◆ **PROBLEM STATEMENT**
Look below for the line that contains "Unità esterna GeniaAir" and the line that contains "RoundTheBlue is a", then restate both of them and every line in between, exactly. No picture goes in the copy.

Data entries
########

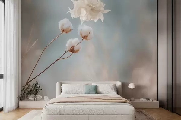 Fotobehang drie katoenbloemen op een wazige achtergrond N° w04820
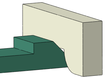 Transitions between the predominant type of contact formulation active in a local region are common. For example, the edge-to-surface contact formulation would be predominant at the stage of the snap-fit simulation shown in Figure 36.2.1–2, because the active contact zone corresponds to a feature edge.
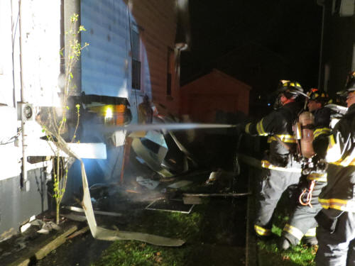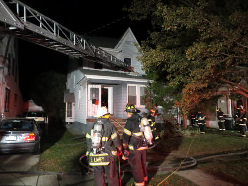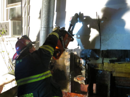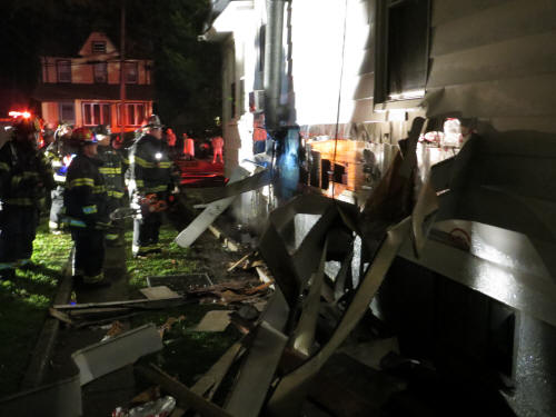 For the third day in a row, firefighters fought a working house fire in Lynbrook. This was after the volunteers performed stand-by duty for Hurricane Sandy and who answered over 110 fire calls that week from Lynbrook residents while also providing needed firefighting assistance to flooded and battered areas in Island Park and Long Beach. The third major fire occurred on Saturday evening, November 3rd, shortly after 11:30 PM, when Lynbrook firefighters were called out for reported "fireplace smoke inside a house." However, when they arrived at the home at 8 Hazel Place heavy black smoke was pouring from the home and the fire in the fireplace was also in the walls of the two story home. The homeowners fled the house. First Deputy Chief Edward Hynes was first on the scene and transmitted a Signal 10 for a working fire at the house. Engine Company 1 and Tally-Ho Engine 3 arrived on the scene and Tally-Ho dropped two hose lines at the hydrant on the corner of Broadway and drove into Hazel, a dead-end street. Two attack hose lines were taken into the house with Tally-Ho going to the second floor where the fire was quickly spreading up to the roof. The second line, manned by Engine Company, went to the first floor fireplace area to fight the fire in the walls around the fireplace. The fire was stopped in the second floor wall after the wall and ceiling was opened up and the fire extinguished before it spread to the attic area and roof. At the same time Tally-Ho firefighters were fighting the fire on the second floor and Engine Company firefighters were on the first floor trying to get behind the brick floor to ceiling fireplace to get at the fire in the wall, members of Truck Company, using saws, went outside and cut through the siding of the home to get behind the bricks and into the burning wall framing. Besides the fire found in the walls fire was also found coming out of an electrical socket next to the fireplace. The owner of the home told firefighters that the fireplace had been lit that evening to warm up the house. This was also allegedly the first time the fireplace had been used in a very long time. Fire Chief Anthony DeCarlo coordinated the firefighting efforts and he said it could not be determined if the fire was caused by the fireplace due to what appeared to be old and crumbling mortar and which had not been used lately, or whether the power coming back on from Hurricane Sandy had anything to do with the cause of the fire as the electric enters the house through the wall behind the fireplace. Because the fire was also found in the electric socket it appeared the fire caused a short circuit in the transformer opposite the home which then plunged the block back into darkness. LIPA arrived and turned the rest of the block back on. Although the fire was not considered suspicious, Chief DeCarlo asked for a routine Fire Marshal investigation based upon their availability. Damage was placed at $100,000 and there were no injuries. Besides the three major fires the Lynbrook Fire Department fought three nights in a row, and the 110 calls answered during and after the hurricane, Lynbrook firefighters also responded to calls from beach community firefighters for help. On Wednesday, October 31, Engine Company and one of Truck Company's ladders, as well as an ambulance from the Emergency Medical Company, went knocking door to door in Island Park and conducted safety checks on all the homes and its occupants. On Thursday, November 1, Truck Company spent 24 hours responding to fire calls in Long Beach. Most of the calls were for gas leaks. Then finally on Friday, November 2, Tally-Ho Company spent the afternoon in Island Park answering fire calls. |
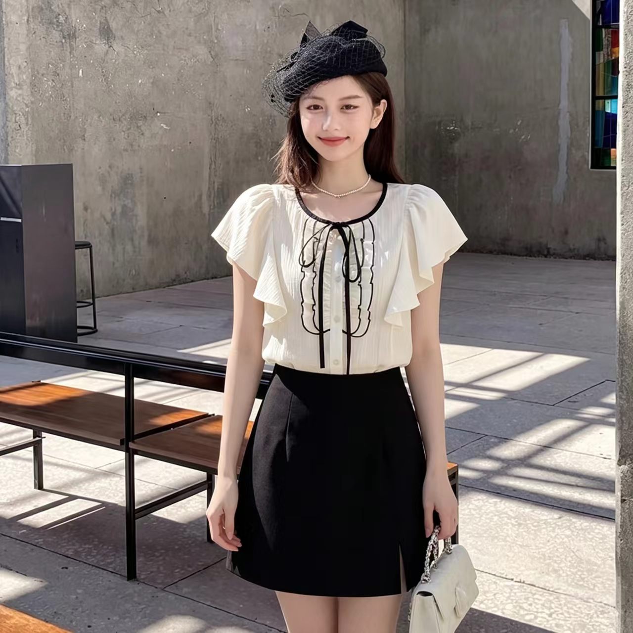 BY17895# 韩系休闲荷叶边衬衣夏季新款高级感洋气别致漂亮小衫甜美套装 服裝批發女裝批發服飾貨源
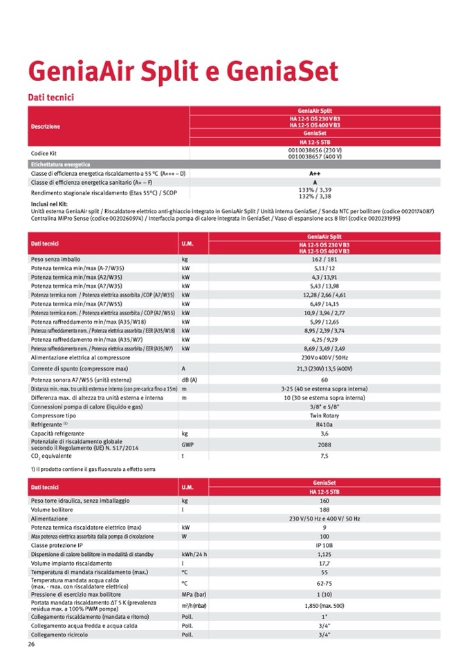 Unità esterna GeniaAir split / Riscaldatore elettrico anti-ghiaccio integrato in GeniaAir Split / Unità interna GeniaSet / Sonda NTC per bollitore (codice 0020174087
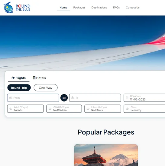 RoundTheBlue is a website that enables users to easily book flights, hotels, and vacation packages. The design focuses on providing an intuitive and simple booking experience, ensuring users can plan their trips without hassle. By emphasizing affordability and ease of use, the website caters to travelers looking for convenience and reliable service. We developed this website to reflect RoundTheBlue's commitment to offering stress-free travel planning for every user, with a seamless, user-friendly interface.
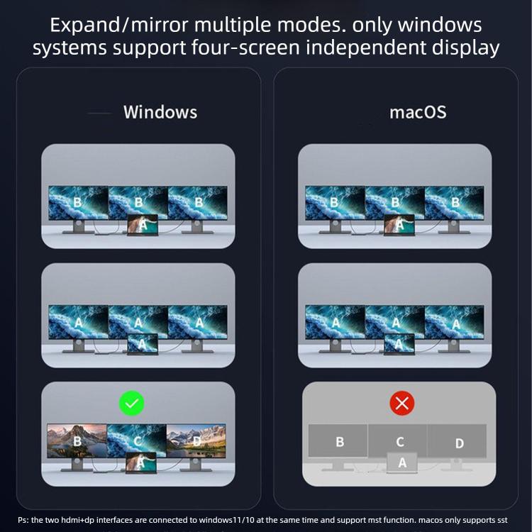 16. Supports extended and mirrored display modes; Windows systems enable up to four independent displays for enhanced multitasking productivity.
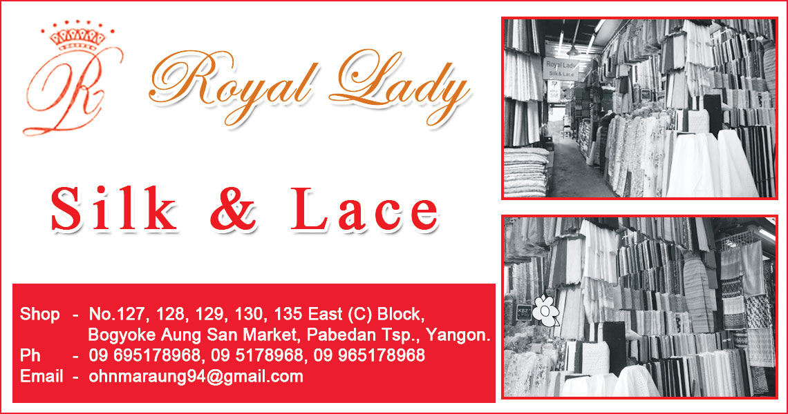 - Blk East C, 127/128/129/130/135, Bogyoke Aung San Market,(အကြက္ အေ႐ွ႕(စီ)၊ အမွတ္ ၁၂၇/၁၂၈/၁၂၉/၁၃၀/၁၃၅၊ ဗိုလ္ခ်ဳပ္ေအာင္ဆန္းေဈး၊)
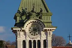 In der Mitte der Fassade erhebt sich der Uhrenturm, auf dessen Spitze sich die Statuen von zwei Mohren befinden, die die Stundenschläge auf eine Glocke schlagen. Die beiden Skulpturen, die mit den Spitznamen „Micheze“ und „Jacheze“ (aus dem Slowenischen „Mihec“ und „Jakec“) belegt wurden, wurden dort nach dem Willen von Bruni aufgestellt, in Erinnerung an die beiden Mohren, die die Stundenschläge auf der Spitze des Torre di Mandracchio oder Uhrenturms schlugen, der einst das Eingangstor zum Hafen bildete und 1838 abgerissen wurde. Die originalen Statuen wurden in Bronze vom Bildhauer Fausto Asteo da Ceneda geschaffen und zwischen 5. und 7. Januar 1876 auf der Spitze des Turms installiert; sie traten zur Mittagsstunde des 14. Januar 1876 erstmalig in Aktion. 1972 wurden die Statuen entfernt und durch Kopien ersetzt, damit die Originale nicht verschlissen. Letztere wurden bis 2004 in einem Lager verwahrt, bis sie schließlich restauriert und am Eingang des Castello di San Giusto aufgestellt wurden.[1][5][8][7]

########

◆ **REPLY TO THE TASK**
 Unità esterna GeniaAir split / Riscaldatore elettrico anti-ghiaccio integrato in GeniaAir Split / Unità interna GeniaSet / Sonda NTC per bollitore (codice 0020174087
 RoundTheBlue is a website that enables users to easily book flights, hotels, and vacation packages. The design focuses on providing an intuitive and simple booking experience, ensuring users can plan their trips without hassle. By emphasizing affordability and ease of use, the website caters to travelers looking for convenience and reliable service. We developed this website to reflect RoundTheBlue's commitment to offering stress-free travel planning for every user, with a seamless, user-friendly interface.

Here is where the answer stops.